The way an offer is handled can have a great deal to do with the outcome of a property sale.

You want as much as you can get for your property but your buyer wants it for as little as possible. You want to buy as cheaply as possible but your seller wants as much as he or she can get. It is not a good start to a property transaction, but it is only human nature. From this inauspicious start there are only two options. The first is a stand off where neither party will budge on price - this can only be because one side or both are being unreasonable. The second option is to negotiate. The first option, the stand off, gets nowhere. The second means both buyer and seller end up with more or less what they want. The key to a successful property negotiation is not to make unreasonable demands.

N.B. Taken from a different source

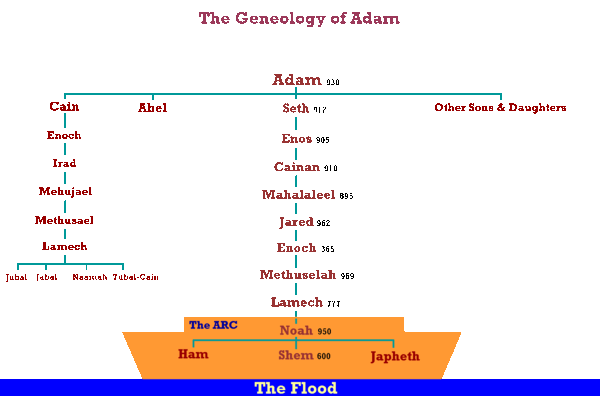 Адам је имао два сина један је био ратар и звао Каин, а други је био пастир и звао се Авељ. Каин је био лош и неправедан, док је Авељ био добар и праведан. Једнога дана њих двојица су приносили Богу жртве. Како је Бог знао какав је који од њих то Он прими жртву Авељову, а Кинову не. То изазва велику завист код Каина те он уби брата, Авеља. Овим се настави ширење греха међу људима. Због овога злочина прокле Бог Каина да никад нема среће, да се скита по земљи и да нигде мира не нађе. Тако се он потуцао по свету до краја живота. Адам и Ева тако изгубише оба сина, да би их утешио Бог им даде трећег сина, Сита. Он је био добар као Авељ. После њега имали су још много деце. Ситови потомци су били добри и послушни Богу, али су се намножили и Каинови потомци који су били рђави. И рђави искварише добре. Људи су бивали све гори и гори. Када се грех и зло проширише међу људима одлучи Бог да пусти велику воду на земљу и тако подави све живо на њој.
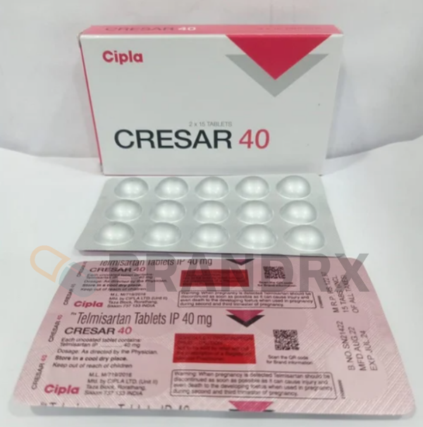 A tablet that is commonly used to treat hypertension (high blood pressure). Reducing hypertension helps to prevent strokes, myocardial infarctions, kidney problems, and others. Doctors may also prescribe this medication for other purposes not listed in this document. While the active ingredient of this medication is Telmisartan, it also contains other inactive ingredients such as magnesium stearate, meglumine, povidone, sodium hydroxide, and others. Cresar 40 mg belongs to a group of medications called angiotensin II receptor antagonists. Telmisartan works by relaxing the blood vessels, which helps blood flow more easily.

Ill-advised buyers and sellers haggle. Informed buyers and sellers negotiate. Negotiation is about both parties coming out of the deal with what they want – perhaps not all that they want, but close enough to what they want. Both parties should end up reasonably happy. Negotiation isn’t just about price. It is also about timing and can involve fixtures and fittings, furniture and white goods. It might involve access to carry out remedial work before completion, or even renting back the property for a while after completion if necessary. The reasons can be many and varied but they can all have their place in a negotiation over price.

Whether you are buying or selling, first work out what your bottom line will be – the lowest offer you would take or the highest price you would pay. Then think about all that you would reasonably like to achieve – your wish list. ‘Reasonable’ is the operative word as nobody wants to open up a negotiation with someone who is being less than reasonable. Then listen to your buyer’s or seller’s point of view and be prepared to be flexible in order to get what you are really prepared to accept.

Try and keep principle out of the negotiation. Principle is all very noble but sometimes it is best to focus on where you are going rather than the niceties of getting there. If the other side is being mean and petty that does not mean you should be too. Often it is better to let your buyer or seller be small-minded - if it ultimately gets you what you want. Yes, it is annoying at the time and, yes, your urge may be to kick back. But usually it is better to resist that urge and rise above it.

Having made the deal do your very best to keep to it. No one likes it when another reneges on an agreement. It breeds a great deal of ill feeling – enough sometimes to blow a deal. At the very least it throws up other difficulties – often with several other parties if there is a chain of inter-related sales.

But sometimes a survey shows something unexpected and the deal may have to be adjusted. This may be unavoidable. Again it is best to accept that things happen and that reasonable behaviour on both sides will usually resolve these unforeseen difficulties.

Property transactions in England and Wales are unnecessarily complicated and protracted. This makes negotiation even more difficult. But stay reasonable, allow for the unexpected, be flexible and remain focused and you will, likely as not, end up with the price or the property you want.